TASK DESCRIPTION: Set down, exactly as written, the lines from the line holding "Además, en el" to the end of the data, inclusive, skipping any pictures.
====== EXERCISE DATA ======
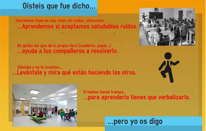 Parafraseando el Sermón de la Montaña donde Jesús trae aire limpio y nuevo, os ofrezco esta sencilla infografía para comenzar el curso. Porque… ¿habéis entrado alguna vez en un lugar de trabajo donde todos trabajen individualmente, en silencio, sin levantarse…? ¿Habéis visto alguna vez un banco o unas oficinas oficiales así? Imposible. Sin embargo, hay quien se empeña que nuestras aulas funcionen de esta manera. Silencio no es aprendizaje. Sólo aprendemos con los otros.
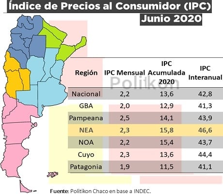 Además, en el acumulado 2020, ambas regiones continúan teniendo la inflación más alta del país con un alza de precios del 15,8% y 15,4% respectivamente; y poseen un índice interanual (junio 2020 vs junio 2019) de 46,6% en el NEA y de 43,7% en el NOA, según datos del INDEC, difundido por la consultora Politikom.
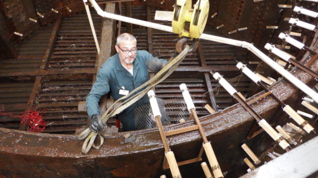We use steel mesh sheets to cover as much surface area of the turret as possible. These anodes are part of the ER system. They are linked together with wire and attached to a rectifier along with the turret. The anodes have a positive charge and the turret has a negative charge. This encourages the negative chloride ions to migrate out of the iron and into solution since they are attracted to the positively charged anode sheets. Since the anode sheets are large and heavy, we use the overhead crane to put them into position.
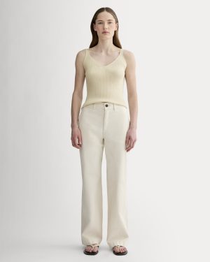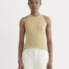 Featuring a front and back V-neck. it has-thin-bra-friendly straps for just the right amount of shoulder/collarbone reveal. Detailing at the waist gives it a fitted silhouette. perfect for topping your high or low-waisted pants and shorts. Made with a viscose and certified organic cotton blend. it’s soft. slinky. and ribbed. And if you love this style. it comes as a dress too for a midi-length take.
======
EXERCISE ANSWER:
 Además, en el acumulado 2020, ambas regiones continúan teniendo la inflación más alta del país con un alza de precios del 15,8% y 15,4% respectivamente; y poseen un índice interanual (junio 2020 vs junio 2019) de 46,6% en el NEA y de 43,7% en el NOA, según datos del INDEC, difundido por la consultora Politikom.
We use steel mesh sheets to cover as much surface area of the turret as possible. These anodes are part of the ER system. They are linked together with wire and attached to a rectifier along with the turret. The anodes have a positive charge and the turret has a negative charge. This encourages the negative chloride ions to migrate out of the iron and into solution since they are attracted to the positively charged anode sheets. Since the anode sheets are large and heavy, we use the overhead crane to put them into position.
 Featuring a front and back V-neck. it has-thin-bra-friendly straps for just the right amount of shoulder/collarbone reveal. Detailing at the waist gives it a fitted silhouette. perfect for topping your high or low-waisted pants and shorts. Made with a viscose and certified organic cotton blend. it’s soft. slinky. and ribbed. And if you love this style. it comes as a dress too for a midi-length take.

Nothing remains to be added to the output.